Pandemic Still Muddying Forecasts

MISO is still calculating emergency resources’ response during its most recent emergency event on July 7. (See Max Gen Event Managed Efficiently, MISO Says.)

MISO LMR Availability
MISO’s Little Rock headquarters | MISO

Executive Director of Market Operations Shawn McFarlane said MISO didn’t have to resort to LMRs that day.
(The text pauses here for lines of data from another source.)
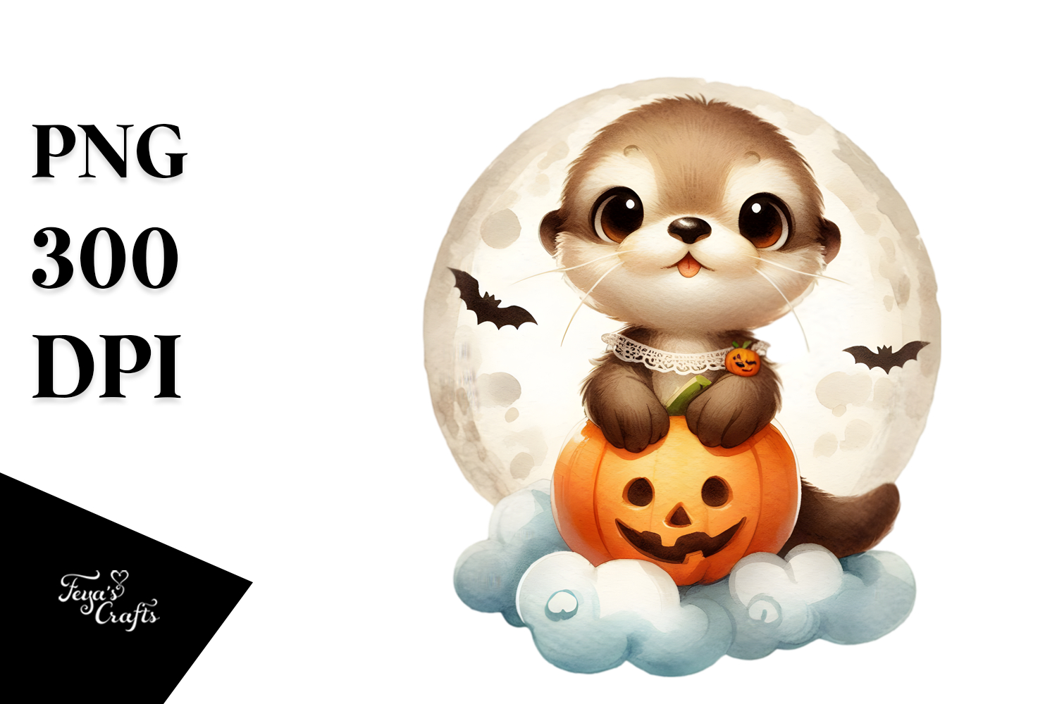 Cute Baby Otter Cloud Halloween PNG example image 1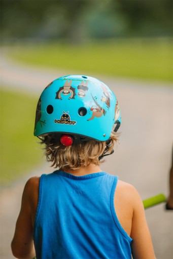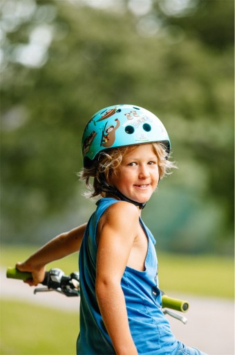 Bezpieczeństwo. Kask ma certyfikat CPSC (Consumer Product Safety Commission) i CE. Prawidłowo założony ochroni główkę dziecka podczas upadku.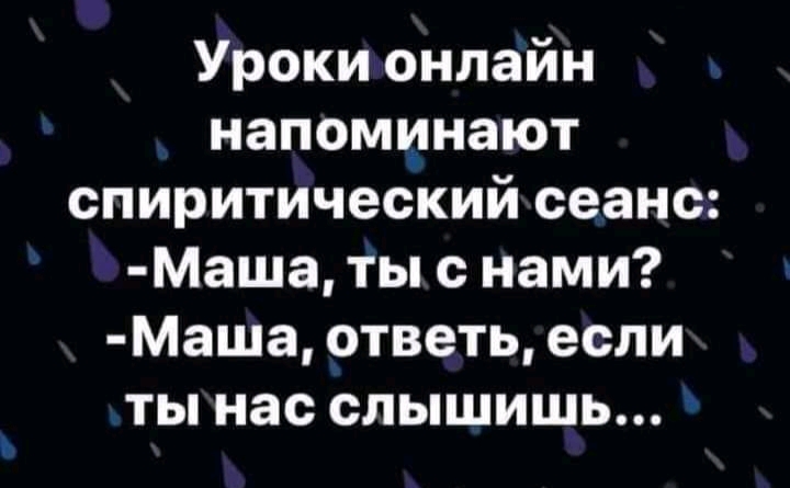 Супенко, а кто это у тебя там так кричит в комнате? Старший брат? Тоже на онлайн-уроке? Ну попроси его сделать колонки потише, а то меня голос физика с мыслей сбивает….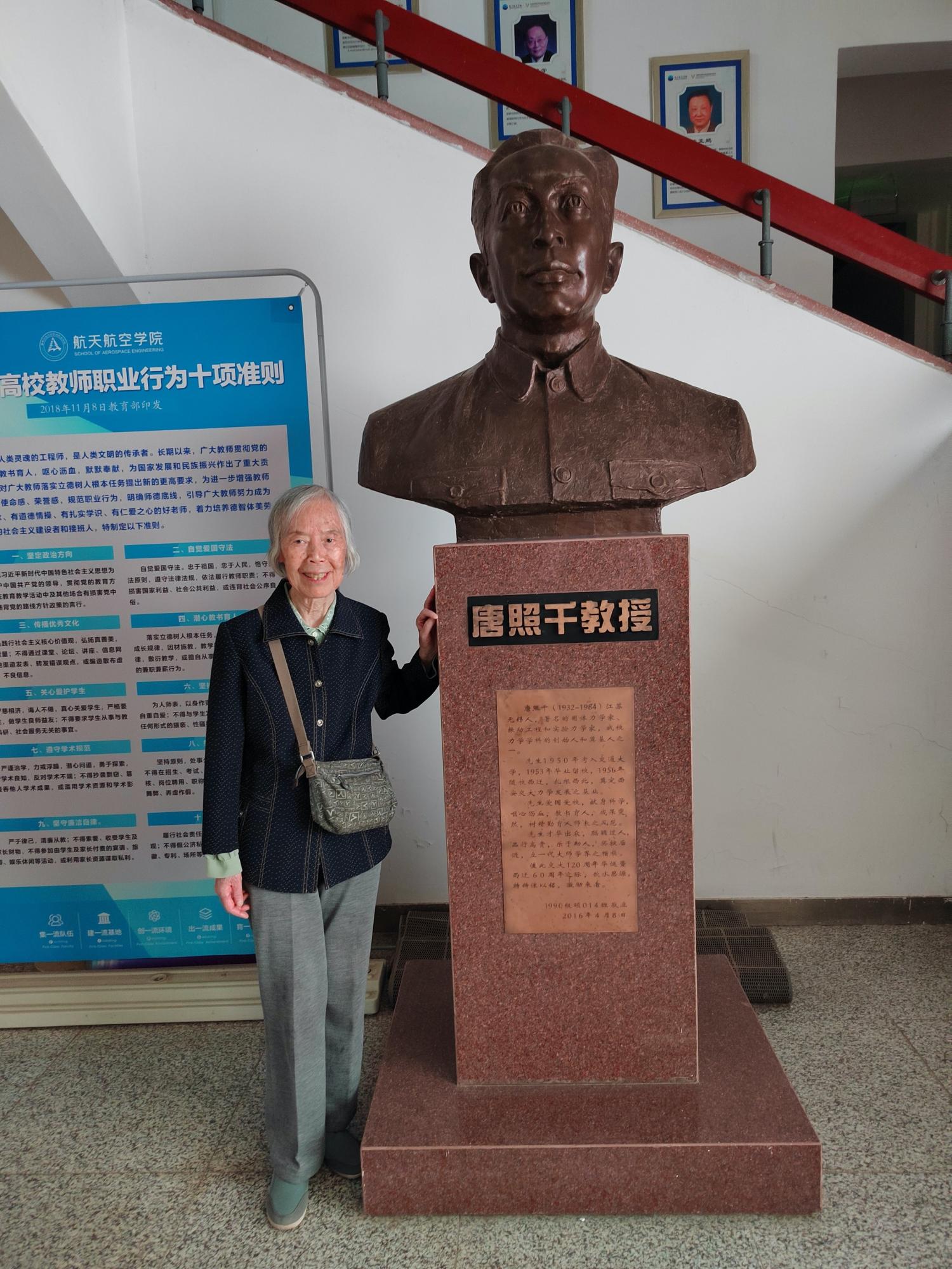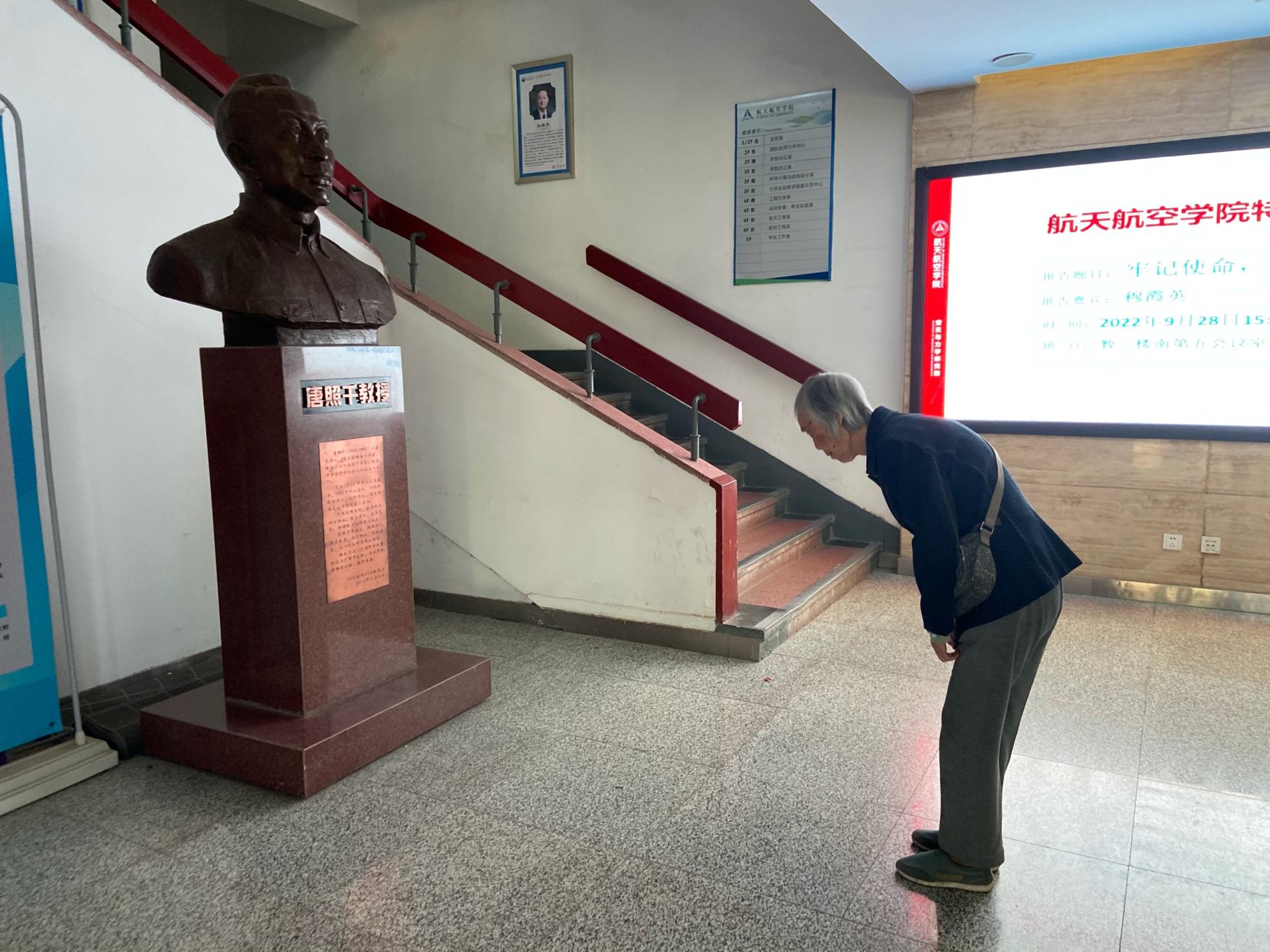 报告结束后,穆老师参观了学院一楼展厅,并向唐照千先生塑像鞠躬致敬。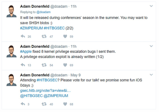 Несколько дней назад Apple выпустила финальную версию обновления iOS 10.3.2. По словам Доненфельда, в нем исправлено как минимум 8 уязвимостей, о которых он рассказал компании. Хакер планирует использовать одну из них для создания эксплоита для джейлбрейка iPhone и iPad.
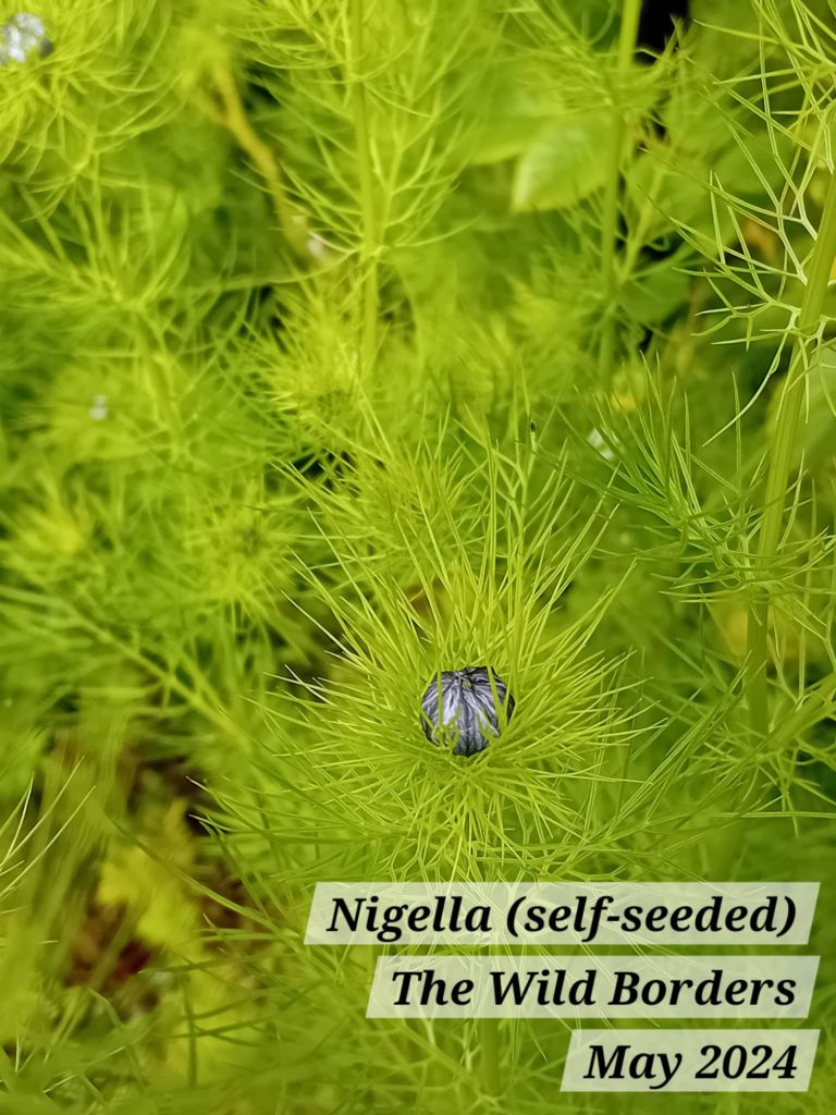 Throughout the border we also have self-seeded nigella, which has just started to bud; we should probably start to see the flowers towards the end of May into June, which I remember looking so pretty last year. Before it even flowers, I love the texture of its foliage:

He said the peak would have been higher had not thunderstorms popped up in the northern part of the footprint.

McFarlane also said the pandemic continues to complicate load forecasting, as air conditioning load is likely skewed to more residential use this year than in others because of customers working from home.

“We think there’s some offsetting things that made it very hard to predict summer peak,” he said.

Despite that, McFarlane called the event “one of the most orderly max gens I’ve seen,” as MISO responded quickly and committed more resources appropriately.

MISO President Clair Moeller said not much has changed in the RTO’s modus operandi after the pandemic’s announcement.

“The risk profile doesn’t seem to be changing much,” Moeller said during an Informational Forum on July 21. “The good news is the operational impacts of the pandemic are manageable … and we don’t expect that to change.”

Moeller said load “crept back up” in July and is now about 5% less than its normal load average.

“We’re still learning how to forecast in this new environment,” he said.